Jesus is not our Savior only, but also our example. He is the Son, but we are His many sisters and brothers. We, too, are called to listen to the Father, to allow the Father to show us what He is doing, and to jump into God's work - which takes us back to the places of prayer and to the value of obedience. In prayer, we are ourselves remade as Jesus heals us, restores us, and empowers us. The new creation takes shape within us. In prayer, God reveals to each of us what He is doing and how we may serve His vision for our families, our friends, our enemies, our communities, our world. We are given the privilege of witnessing to God's new acts of creation.

Paul sums up the heart of discipleship so clearly: "He died for all so that we who live might live no longer for ourselves but rather for Him who died for us and was raised for us." When we understand that Jesus' death was for us, we will understand the appropriateness of living for him, and until we use our lives to serve Jesus we fail to understand His death for us.

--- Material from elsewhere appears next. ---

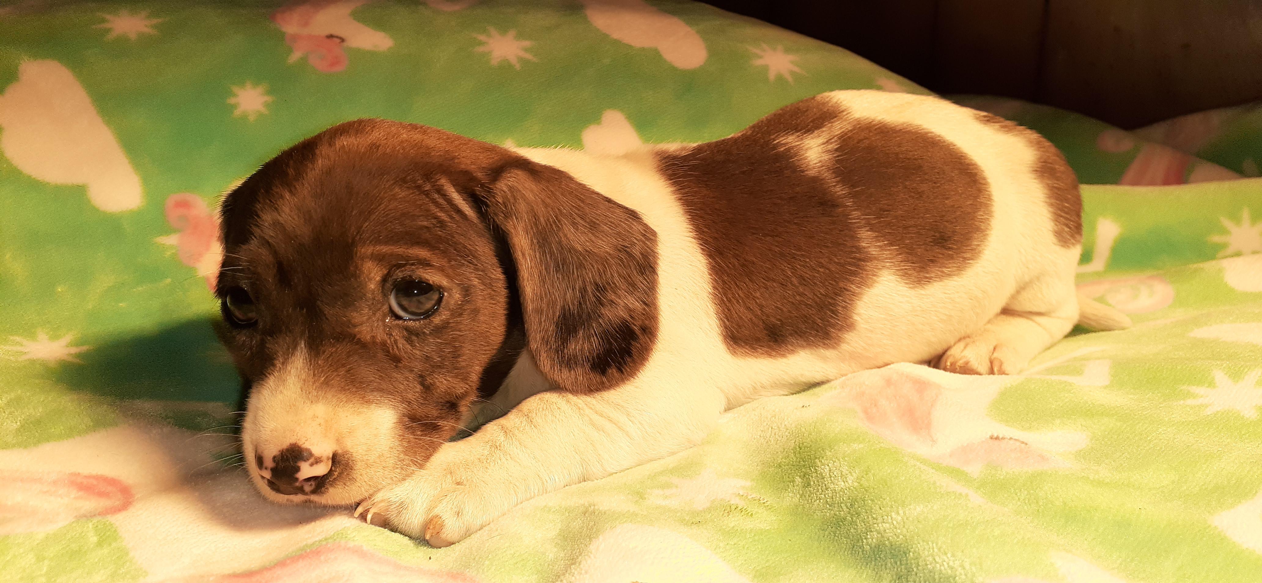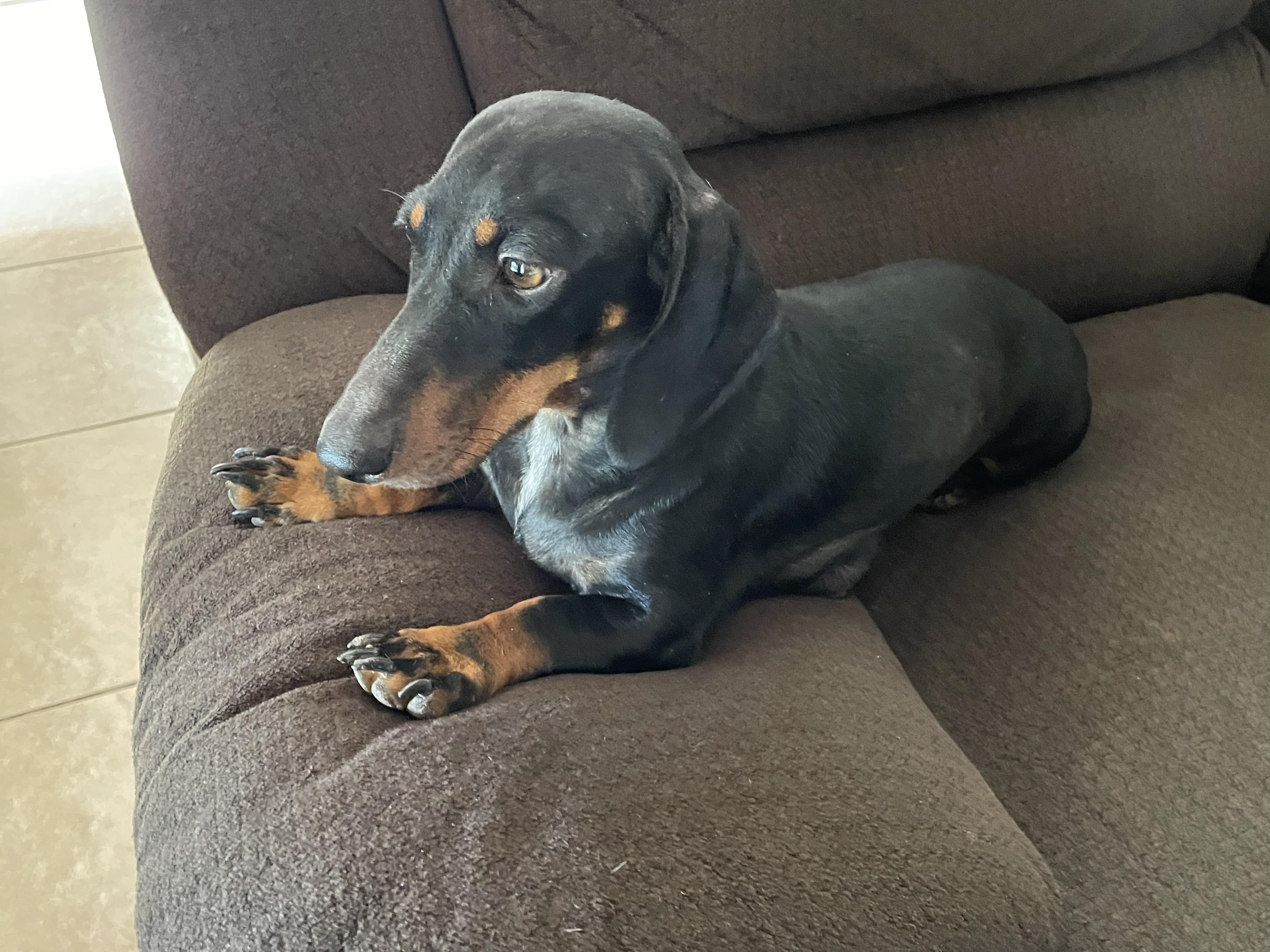 Chocolate chip is a female Dachshund. Carefully selected as a great representative of her breed, Mario decided to make her part of their program. Mario has passed Good Dog’s screening process, which involved a review of their breeding practices, environment, and the mental and physical health of their dogs.

Let our Sabbathkeeping be measured not by resting from work, not by engaging traditional acts of piety, but by setting aside our own work - our own desires, agendas, prejudices - to serve God's vision for the new creation. Paul lived this way and transformed the Greco-Roman world. What might we do for God if we put God's vision in the center of our lives! As the Father shows us how He is moving people toward reconciliation, toward healing, toward justice, toward life, let us follow the Father's prompting. Keep this Sabbath, and we will find rest.